Manchester City a accepté de prêter Omar Marmoush à Tottenham pour la saison, avec une obligation d'acheter l'attaquant pour un montant initial de 50 M£, et a conclu un accord pour vendre Nico González à Newcastle pour 52 M£. Parce que rien ne crie « stabilité financière » comme de se débarrasser de son effectif comme lors d'une vente de liquidation.

Marmoush doit passer une visite médicale à Spurs, qui ont accepté de payer jusqu'à 10 M£ en bonus, dont la moitié garantie. L'été prochain, le joueur de 27 ans signera un contrat de quatre ans avec une option d'une année supplémentaire. City ne doit pas verser de pourcentage sur une revente à l'Eintracht Francfort, auprès de qui ils ont acheté l'Égyptien en janvier 2025. Donc Francfort ne reçoit rien, Spurs obtient un joueur, et City fait comme si tout cela faisait partie du plan.

Marmoush suit Sávio en quittant City pour Spurs, qui ont acheté l'ailier brésilien dans le cadre d'un accord de 75 M£ plus 10 M£ mardi. Parce que pourquoi acheter un joueur quand on peut en acheter deux et appeler cela une stratégie ?

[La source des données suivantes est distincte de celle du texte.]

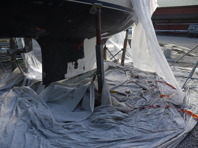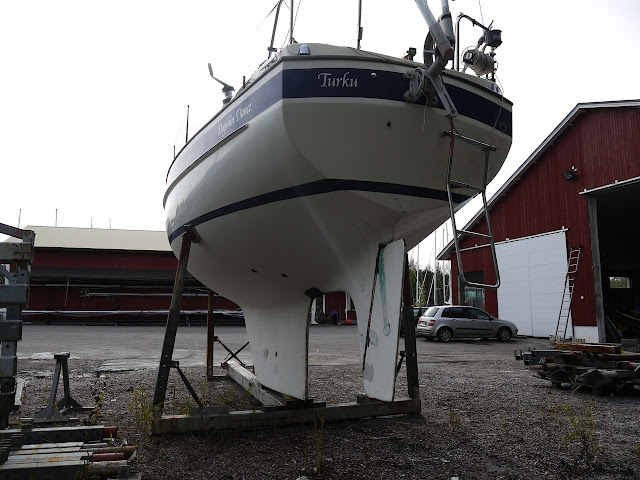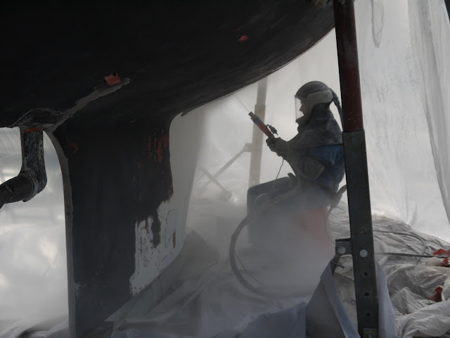 Our renovation project got a kick start on weekend, as the underwater hull and keel were soda blasted clean of old epoxy barrier coat and multiple layers of old antifouling. The work was done by Samuli and Toni from the company Waterproof Solutions Oy.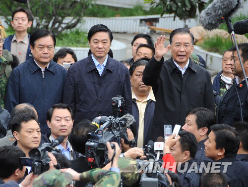 5月14日上午,溫家寶總理來到地震重災區北川縣。新華社記者陳燮攝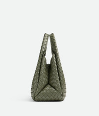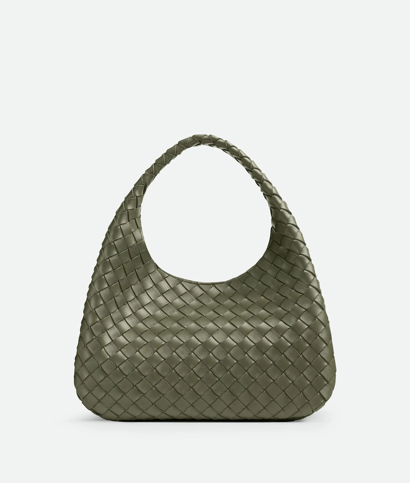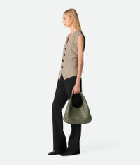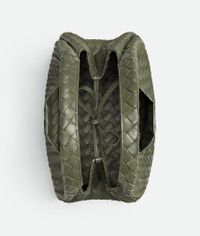 Shoulder bag with archival silhouette in supple Intrecciato leather with tie closure. Product Details - Intrecciato leather shoulder bag - Leather tie closure with hidden magnet - Lining: Lambskin bonded Intrecciato - Color: Pickle - Hardware: Brass finish - Made in: Italy - Product code: 844249V4SC03293 Material - Material: Lambskin Size & Fit - Height: 20 cm (7.9") -Width: 33 cm (13.0") -Depth: 16.5 cm (6.5") -Handle drop: 20 cm (7.9")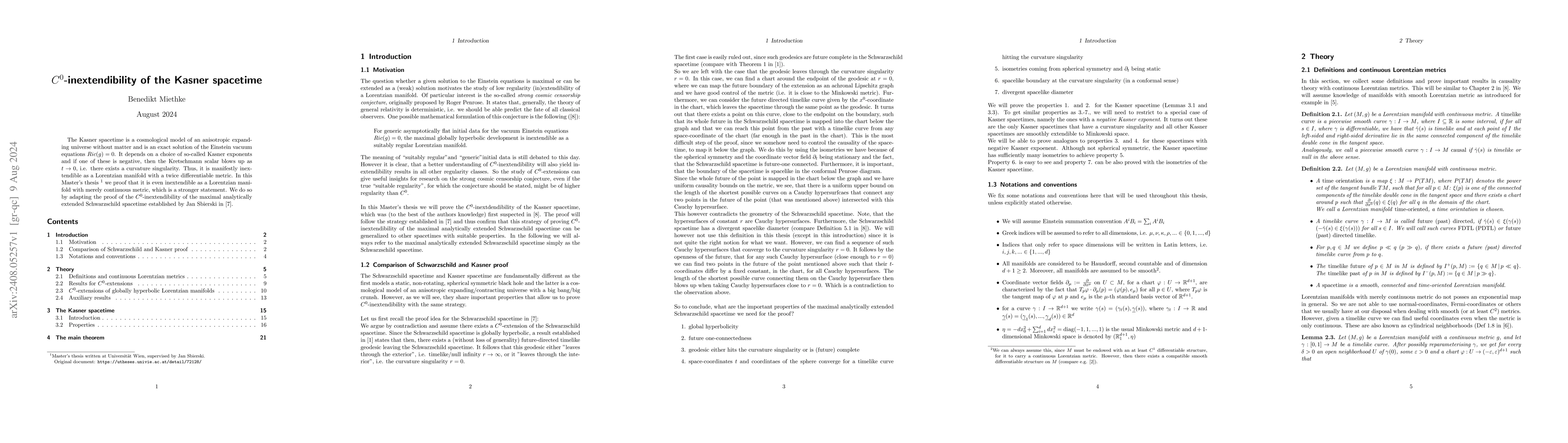 The Kasner spacetime is a cosmological model of an anisotropic expanding universe without matter and is an exact solution of the Einstein vacuum equations Ric(g) = 0. It is manifestly inextendible as a Lorentzian manifold with a twice differentiable metric. In this thesis we proof that it is even inextendible as a Lorentzian manifold with merely continuous metric, which is a stronger statement. We do so by adapting the proof of the $C^0$-inextendibility of the maximal analytically extended Schwarzschild spacetime established by Jan Sbierski.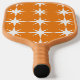 This unique pickleball paddle features white stars on a bright orange background. Personalise the text with a team name or the player’s name.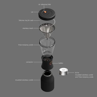 Для приготовления возьмите 56-85г молотого кофе и 3 стакана холодной фильтрованной воды Снимите крышку Добавьте в фильтр 1/3 часть кофе и осторожно залейте его 1/3 частью воды. Важно, чтобы вода прошла через весь насыпанный в фильтр кофе Повторите то же самое еще два раза (весь процесс заваривания займет не более 4 минут) Закрутите крышку, затем закройте клапан на крышке и немного потрясите Оставьте настаиваться на 12-24 часа Через 12-24 часа откройте клапан на крышке и нажмите кнопку на корпусе - готовый кофе сольется в сервировочный термос Снимите верхнюю часть с фильтром с сервировочного термоса и добавьте в термос лед Закрутите крышку на термосе Вы сможете насладиться готовым кофе где угодно: возьмите Asobu Cold Brew на прогулку, в машину, в офис и даже на пляж!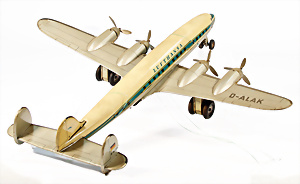 Flugzeug, 4-motorige Propellermaschine, D-ALAK, Lufthansa, Blech, Batterieantrieb, Made in Western Germany, 40 cm, bespielt, gut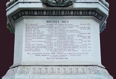Keywords: Carrière Michel Ney socle statue.jpg Marshall Michel Ney The Bravest of the Brave in Paris relating his military career during the Revolution and Napoleonic wars Maréchal Michel Ney Le Brave des Braves à Paris relatant sa carrière militaire durant les guerres de la Révolution et de l'Empire own Jebulon please see metadata 48 50 25 N 2 20 10 7 E Pedestals Statue of Michel Ney by François Rude Inscriptions in Paris Quality images by Jebulon Quality images of architectural elements in Paris PD-old QualityImage |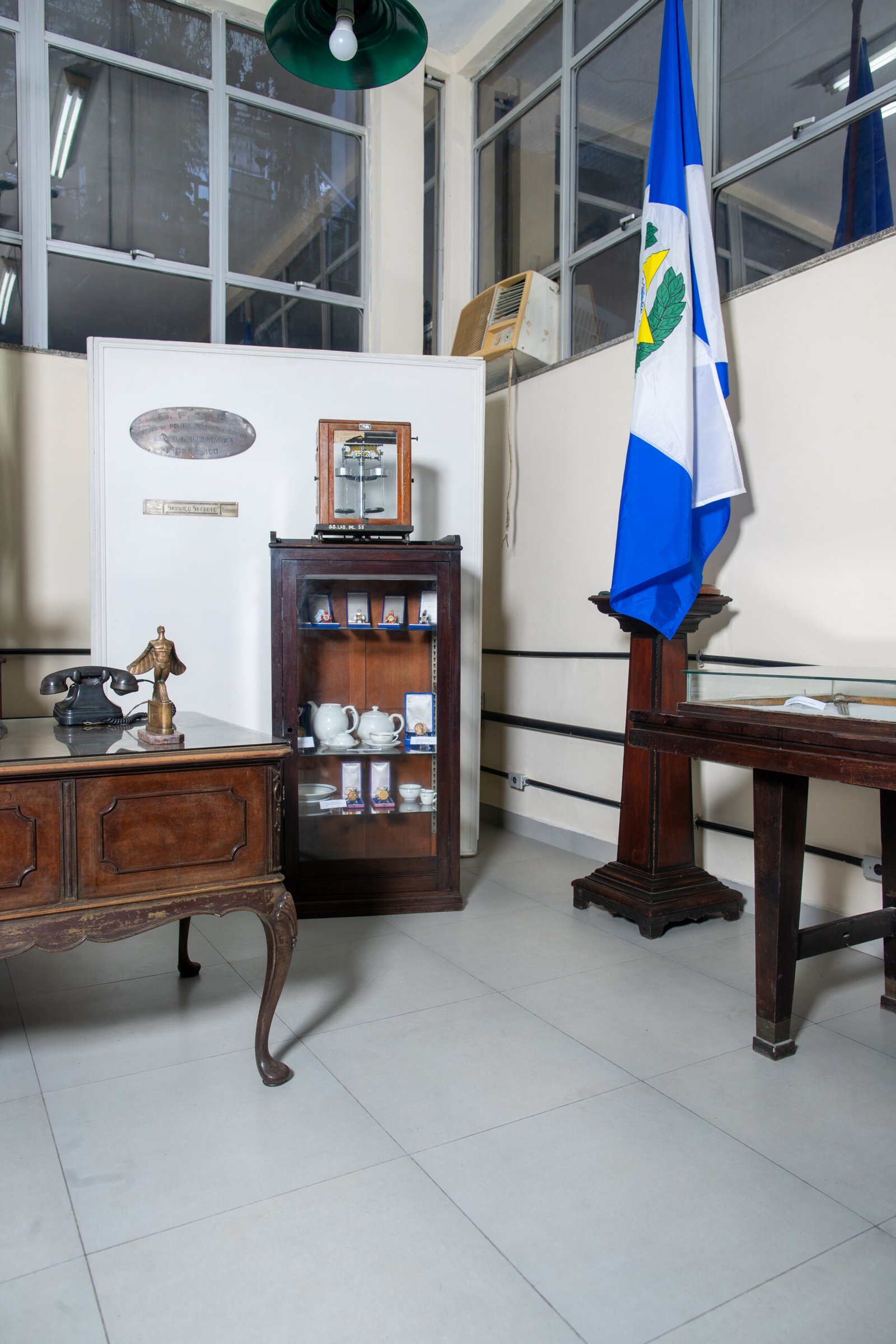 A65I0133 DescriçãoArmário vitrine com insígnias e em cima uma balança. Ao fundo placas dos setores. Ao lado bandeira da Polícia Civil do Estado do Rio de Janeiro.TagsMobiliárioData / períodoSéc. XX Compartilhe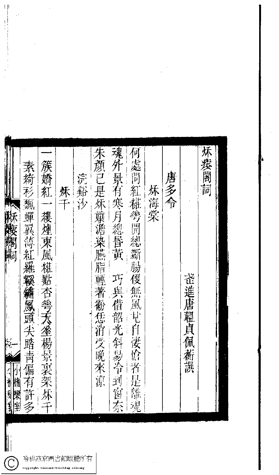 | (PRINT FRIENDLY VERSION) 小檀欒室彙刻閨秀詞﹕十集一百種一百卷(清徐乃昌輯) : 秋瘦閣詞﹕一卷。清光緒二十二年(1896)南陵徐氏刻本。 ![]() Page : 秋瘦閣詞.1a | click for larger image | Back |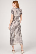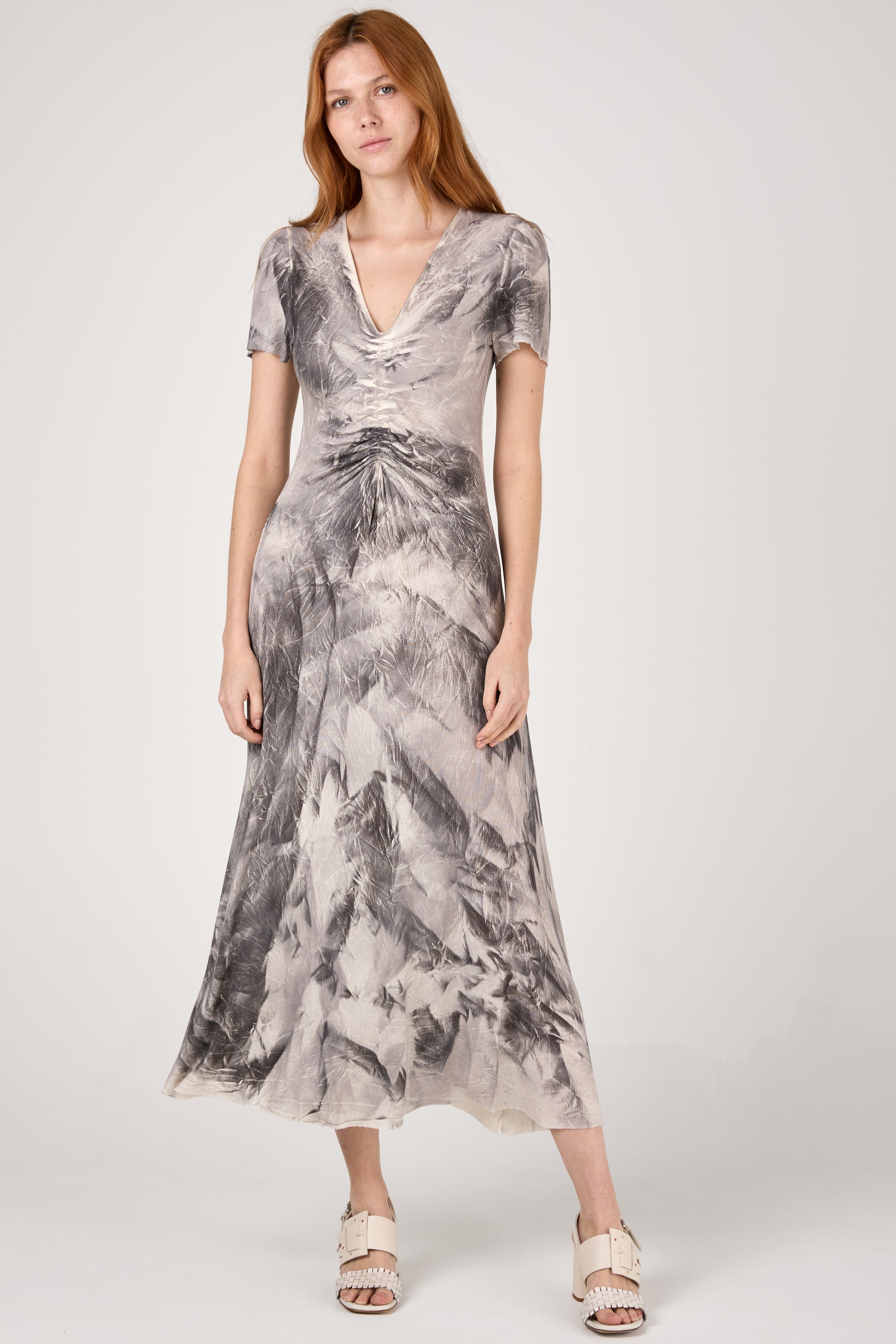 Cracked Effect Ribbed Long Dress in Mercurio and Nero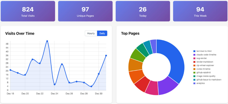 其他很多工具对我自己的工作流程非常有用,比如 svg-render、render-markdown 和 alt-text-extractor。我还做了一个隐私友好的个人分析工具,它基于 localStorage 跟踪我最常用的工具。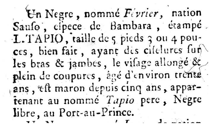 Un Negre, nommé Février, nation Saufo, espece de Bambara, étampé L. TAPIO, taille de 5 pieds 3 ou 4 pouces, bien fait, ayant des ciselures sur les bras & jambes, le visage allongé & plein de coupures, âgé d'environ trente ans, est maron depuis cinq ans, appartenant au nommé Tapio pere, Negre libre, au Port-au-Prince.

González est sur le point de devenir le quatrième milieu central de premier plan à quitter City cet été, après Rodri, Bernardo Silva et Tijjani Reijnders. City n'a signé que Elliott Anderson, pour 116 M£ en provenance de Nottingham Forest, bien qu'ils aient conclu un accord de 100 M€ (85,7 M£) pour Ayyoub Bouaddi de Lille, un autre milieu, et un montant de 34 M£ pour Allan Elias de Palmeiras, qui remplace Sávio en tant qu'ailier. Donc ils vendent des milieux et achètent des milieux, ce qui revient un peu à réarranger les chaises longues sur le Titanic, mais avec plus de zéros.

City devrait concrétiser son intérêt pour Enzo Fernández de Chelsea en faisant une offre. Le club de l'ouest de Londres valorise le milieu à 120 M£. Parce que pourquoi pas ? À ce rythme, ils vont signer des joueurs avec de l'argent de Monopoly.